Telling your kids that you're separating is one of the hardest parts of divorcing. How you deliver the news can have a big impact on your child's ability to cope with the divorce.

Plan what you're going to say ahead of time. You don't have to write a script. Just jot down the main points you need to make. What you say should be appropriate for your child's age. You'll want to use terms that they can understand while sparing them the intimate details.

Plan to present the divorce as a mutual decision even if one parent is more at fault. Some useful phrases:

  • "We've grown apart."
  • "Mommy and Daddy argue a lot, and we don't want to do that anymore."
  • "We don't feel as close as we used to."

Be up-front about any changes that are to come so the children aren't blindsided.
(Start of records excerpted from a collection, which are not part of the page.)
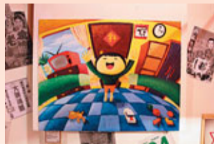
吳璋琪作品：「爸爸，抱抱！」

現在的人喜歡懷舊，好像回憶中的一切都是美好的，甚麼童年回憶、香港集體回憶等等。其實現在的種種就是將來的回憶，當我們在懷緬過去之時，也應好好地「活在當下」，為將來製造美好的回憶，才不枉此生。就如這幅作品一樣，在帶出對父愛回憶的同時，也提醒我們現在還可以做些甚麼。當我們在這一刻忙著工作與應酬時，可會想起一直在家裡默默地守護著我們的家人呢？透過「爸爸，抱抱！」這幅作品，我希望可以帶出被我們遺忘了的感動。
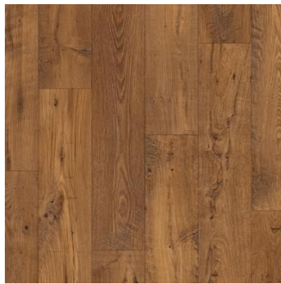
CASTANHEIRO ANTIGO RESTAURADO QEWN3786
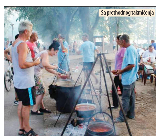
Sa prethodnog takmičenja

interesovanje među starijim ribolovcima vlada za lov na šarana. Odbojka je sport za koji žive Gradištanici, i kada se u Srbiji pomene odbojka, mnogi pomisle na ovu varošicu i obratno, kada se pomene Veliko Gradište mno-
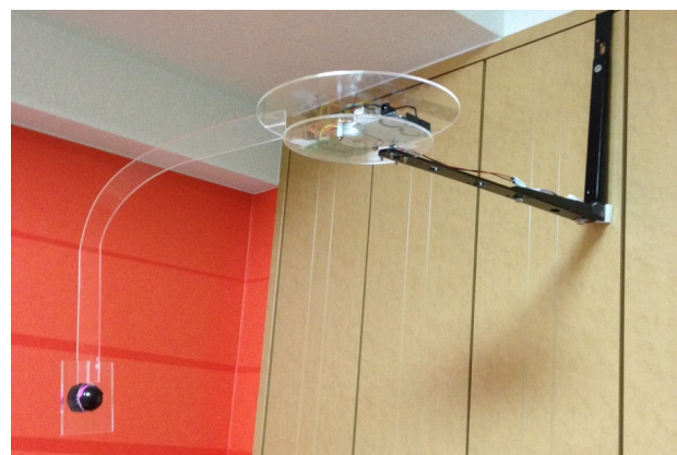
図1 Satellite Eyesの概観

システムの構成を図2に示す。Satellite Eyesはモータ、コントローラ、カメラ、タッチディスプレイから構成される。モータは360度無限回転し、カメラはユーザを捉える向きに固定される。カメラの映像はユーザの正面に置かれたタッチディスプレイ上に表示される。ユーザは画面を操
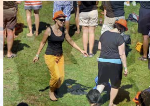
Seinen Gefühlen einfach freien Lauf lassen ...
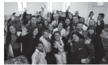
El presidente estuvo en Luján.
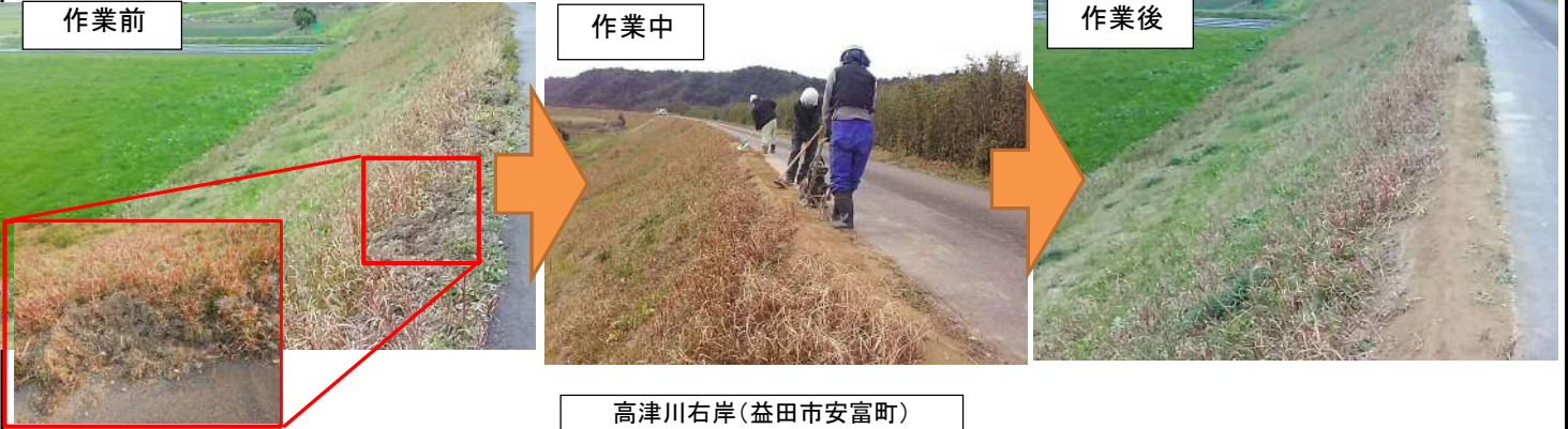
高津川右岸(益田市安富町)
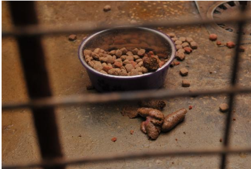
Foto 9 - boluri plasate pe podea

adresă | str. Reșița nr. 12, ap. 4 300188 Timișoara, România telefon | 0754 032 534 fax | 0256 436 516 e-mail | pet.hope.association@gmail.com website | www.pethope.ro
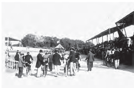
Figura 9 – O velódromo D. Carlos, inaugurado em Algés em Julho de 1896.
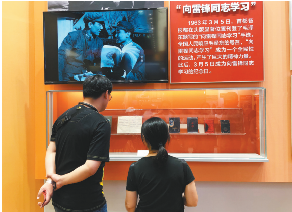
参观群众在观看“雷锋日记”。
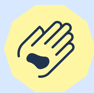
Infecciones por hongos
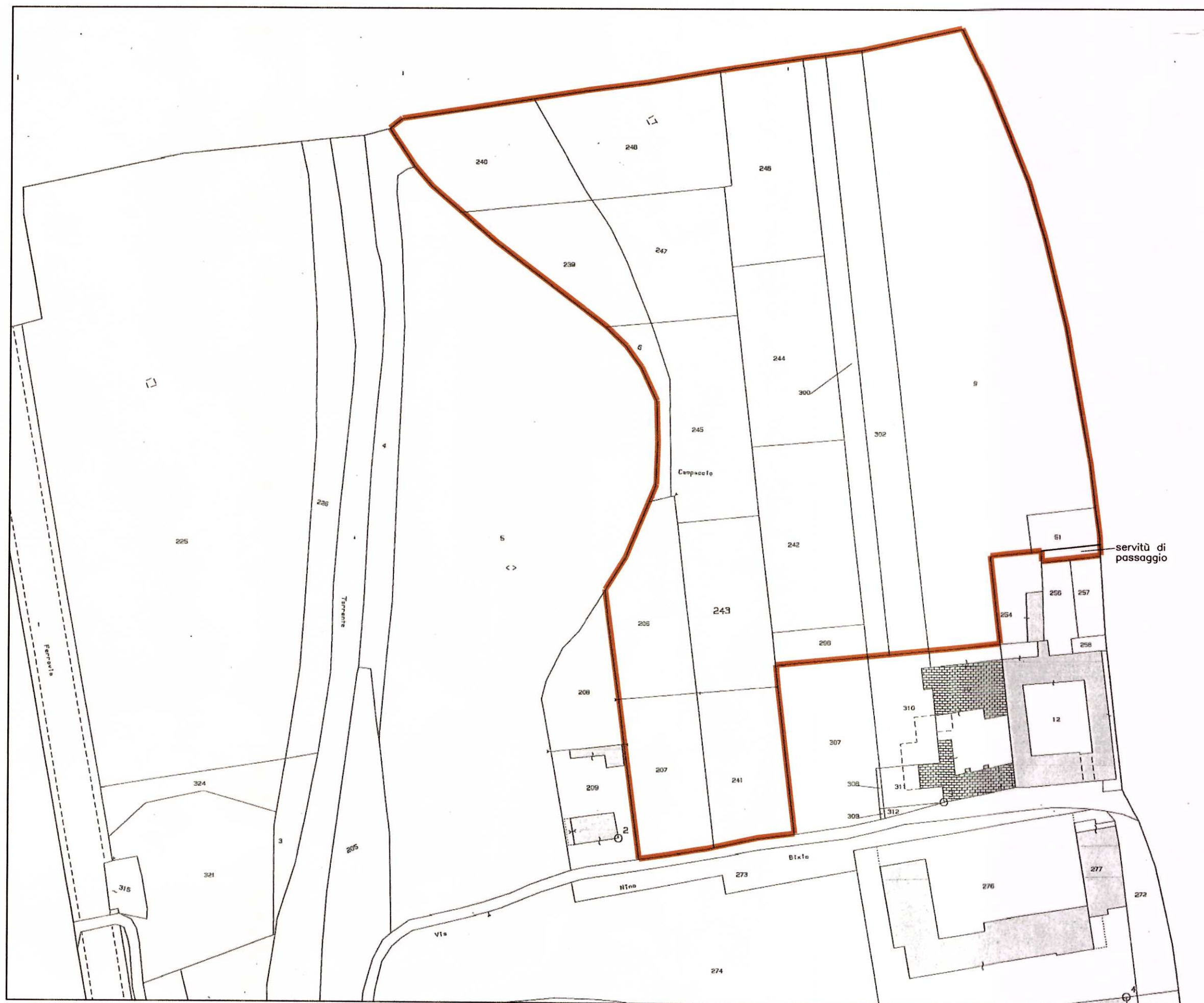
ESTRATTO MAPPA 1: 1000
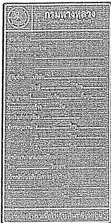
รูปที่ 2-7 ป้ายโครงการก่อสร้างขนาดเล็ก

ส่วนขนาดตัวหนังสือให้ใช้ขนาดตามรูปที่ 2-7 และรูปที่ 2-8
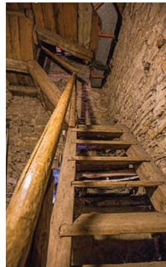
Wnętrze wieży kościoła św. Stanisława
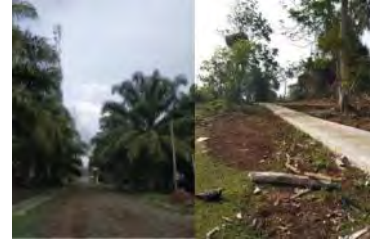
Gambar 3. Jalan Akses Pejalan Kaki

Ketersediaan akses pejalan kaki di lokasi wisata dapat dijangkau oleh masyarakat dengan aman dan nyaman. Ketersediaan akses kendaraan yang mampu menjangkau lokasi wisata dan dapat berpindah tempat dengan leluasa.

Surprises will only make it harder for a child to deal with the divorce.

Aim to address these questions before the children have to ask:

  • Who's leaving home?
  • Will the children be able to visit?
  • Will the children have to move?
  • How will their routines change?

Children may blame themselves for the divorce, so make it clear divorce is a decision by grown-ups. Also, they may worry that divorce will change the way you feel about them. Drive home the fact that you still love them and will continue to work together as parents.

When it comes time to actually talk to your kids about the divorce, stay calm. Try not to get overly emotional as your children will likely reflect your feelings.

Have both parents participate in the conversation. If one is absent, your children may assume that parent did something wrong.

Make sure all of your kids are there too; it's better they hear the news from you than from their siblings.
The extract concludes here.